WHAT THE EXERCISE ASKS> Copy, word for word, the lines below from the one containing "当然,联体开关的最大优点,就" up to and including the one containing "B廠【TXP341】新款車厘", with pictures left out.

DATASET RECORDS>
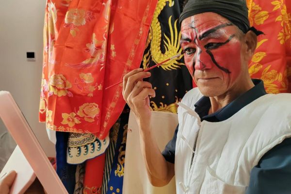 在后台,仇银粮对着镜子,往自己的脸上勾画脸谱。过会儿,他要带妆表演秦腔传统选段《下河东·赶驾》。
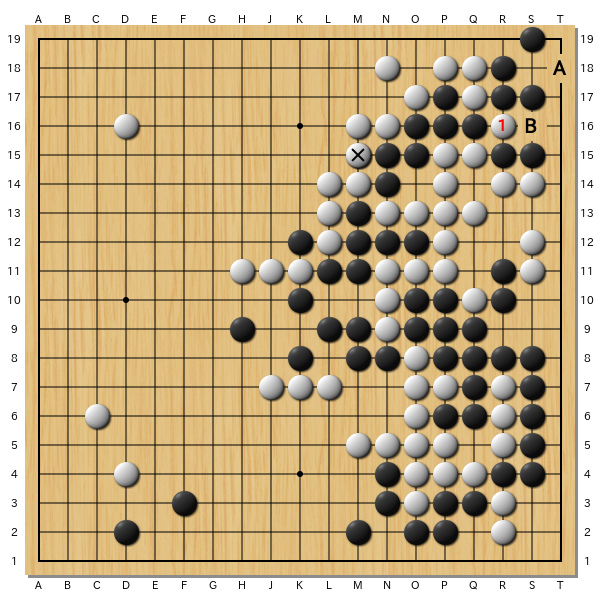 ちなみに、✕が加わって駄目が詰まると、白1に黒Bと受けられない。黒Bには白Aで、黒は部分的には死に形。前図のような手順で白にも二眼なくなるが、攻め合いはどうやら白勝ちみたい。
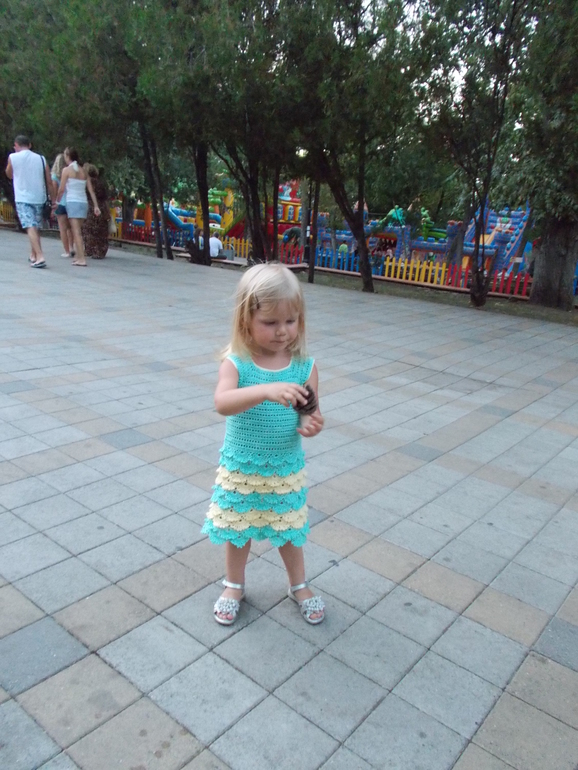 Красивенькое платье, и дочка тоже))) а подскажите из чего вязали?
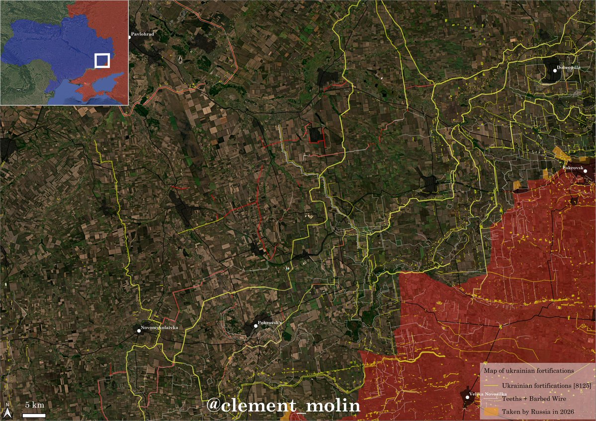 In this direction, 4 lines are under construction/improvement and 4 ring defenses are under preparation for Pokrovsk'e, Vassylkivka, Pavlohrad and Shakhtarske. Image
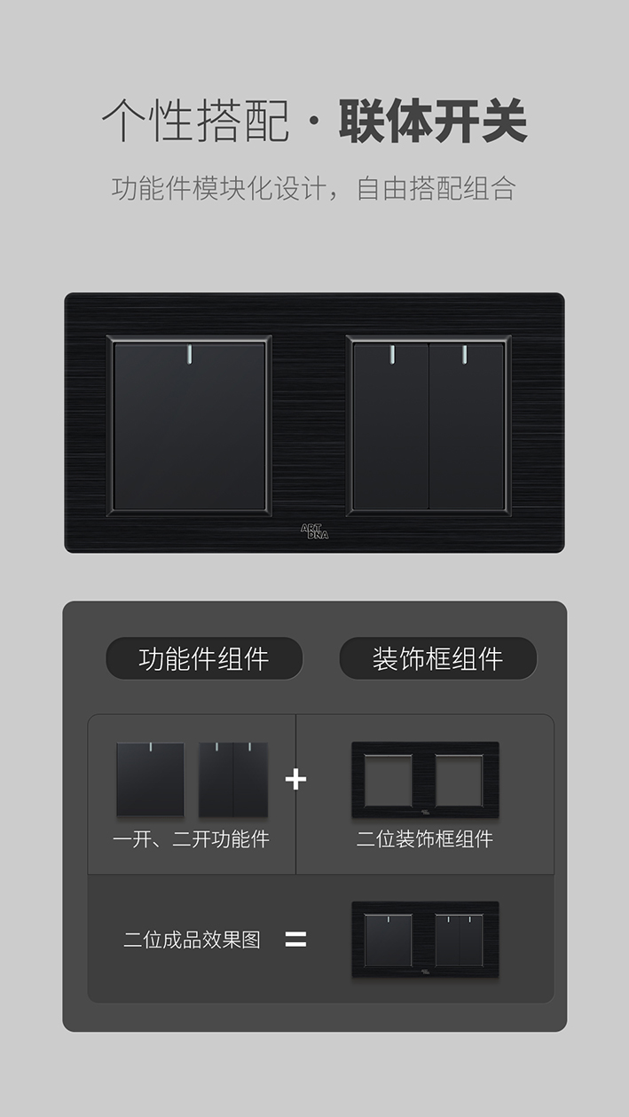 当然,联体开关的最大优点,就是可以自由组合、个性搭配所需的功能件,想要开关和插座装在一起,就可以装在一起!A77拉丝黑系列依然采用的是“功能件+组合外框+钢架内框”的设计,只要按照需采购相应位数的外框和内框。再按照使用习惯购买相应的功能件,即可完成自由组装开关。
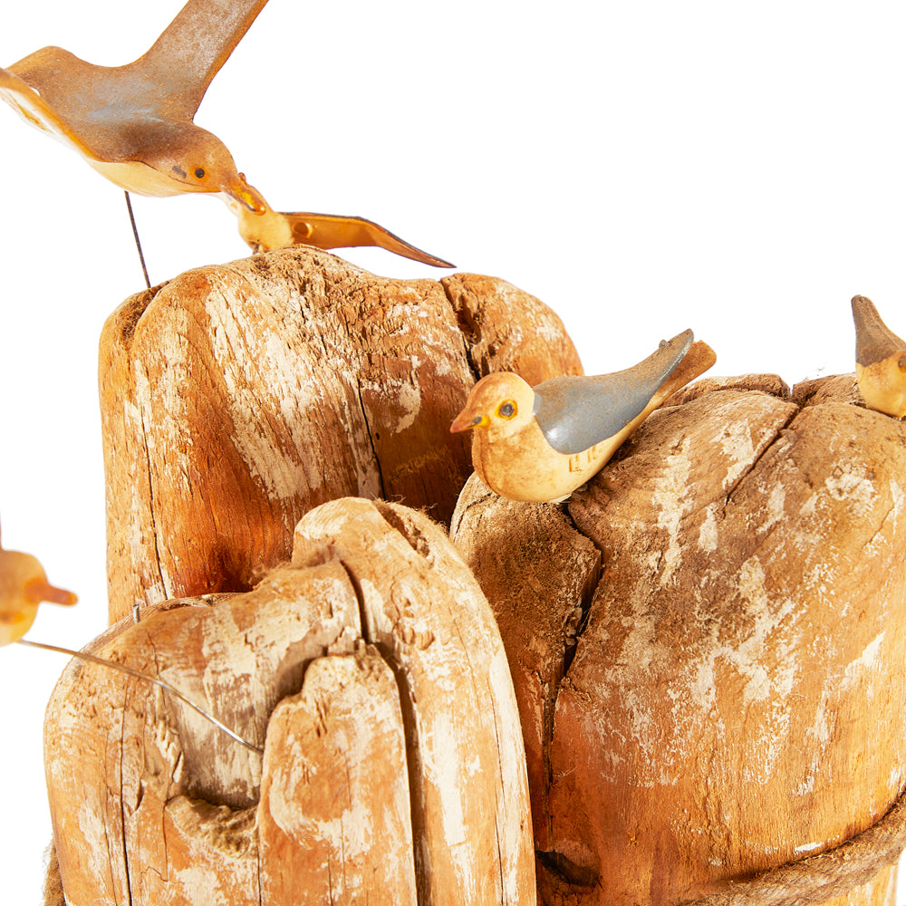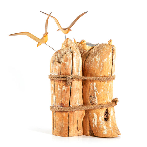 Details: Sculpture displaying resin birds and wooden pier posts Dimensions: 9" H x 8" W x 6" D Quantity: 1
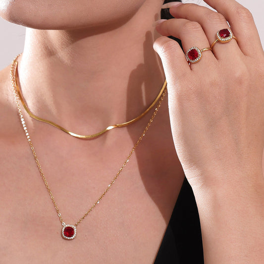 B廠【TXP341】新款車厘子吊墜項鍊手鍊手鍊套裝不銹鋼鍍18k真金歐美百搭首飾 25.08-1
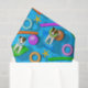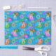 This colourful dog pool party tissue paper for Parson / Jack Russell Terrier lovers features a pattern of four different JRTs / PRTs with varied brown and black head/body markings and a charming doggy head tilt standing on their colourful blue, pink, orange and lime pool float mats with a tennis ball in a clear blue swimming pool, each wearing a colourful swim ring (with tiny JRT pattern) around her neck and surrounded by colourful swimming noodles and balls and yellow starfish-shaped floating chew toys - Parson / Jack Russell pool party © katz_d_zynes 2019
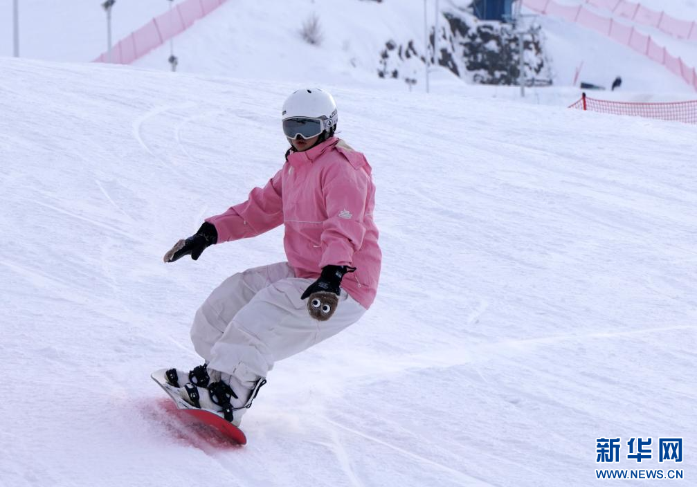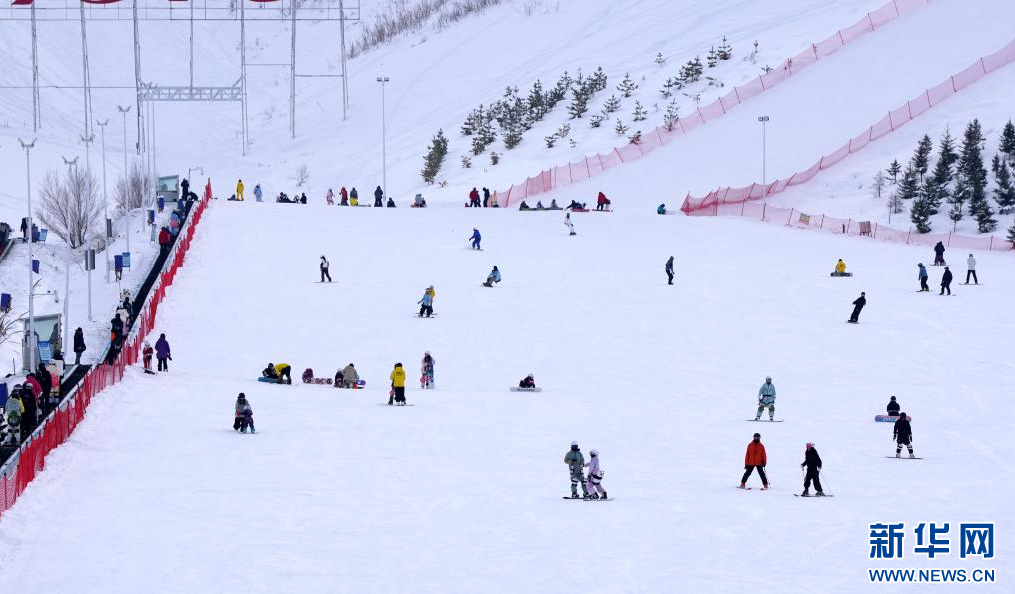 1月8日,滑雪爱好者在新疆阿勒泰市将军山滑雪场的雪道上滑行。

--

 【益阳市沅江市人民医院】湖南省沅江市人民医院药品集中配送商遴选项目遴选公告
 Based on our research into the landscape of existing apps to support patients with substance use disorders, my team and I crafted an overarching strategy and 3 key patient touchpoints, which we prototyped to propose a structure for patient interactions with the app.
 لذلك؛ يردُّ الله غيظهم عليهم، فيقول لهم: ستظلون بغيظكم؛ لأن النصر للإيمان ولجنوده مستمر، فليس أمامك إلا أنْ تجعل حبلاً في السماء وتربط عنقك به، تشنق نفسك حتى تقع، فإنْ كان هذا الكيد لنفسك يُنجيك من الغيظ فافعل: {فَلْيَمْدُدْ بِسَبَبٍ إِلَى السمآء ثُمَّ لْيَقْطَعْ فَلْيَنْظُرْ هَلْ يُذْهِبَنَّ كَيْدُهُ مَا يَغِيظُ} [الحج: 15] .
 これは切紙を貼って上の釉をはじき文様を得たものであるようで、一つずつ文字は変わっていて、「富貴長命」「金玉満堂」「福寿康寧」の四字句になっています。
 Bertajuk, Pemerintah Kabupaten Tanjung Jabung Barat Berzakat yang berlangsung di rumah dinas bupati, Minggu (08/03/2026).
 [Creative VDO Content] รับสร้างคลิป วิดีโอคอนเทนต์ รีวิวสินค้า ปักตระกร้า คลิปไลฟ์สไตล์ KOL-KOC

ANSWER BELOW>
 当然,联体开关的最大优点,就是可以自由组合、个性搭配所需的功能件,想要开关和插座装在一起,就可以装在一起!A77拉丝黑系列依然采用的是“功能件+组合外框+钢架内框”的设计,只要按照需采购相应位数的外框和内框。再按照使用习惯购买相应的功能件,即可完成自由组装开关。
 Details: Sculpture displaying resin birds and wooden pier posts Dimensions: 9" H x 8" W x 6" D Quantity: 1
 B廠【TXP341】新款車厘子吊墜項鍊手鍊手鍊套裝不銹鋼鍍18k真金歐美百搭首飾 25.08-1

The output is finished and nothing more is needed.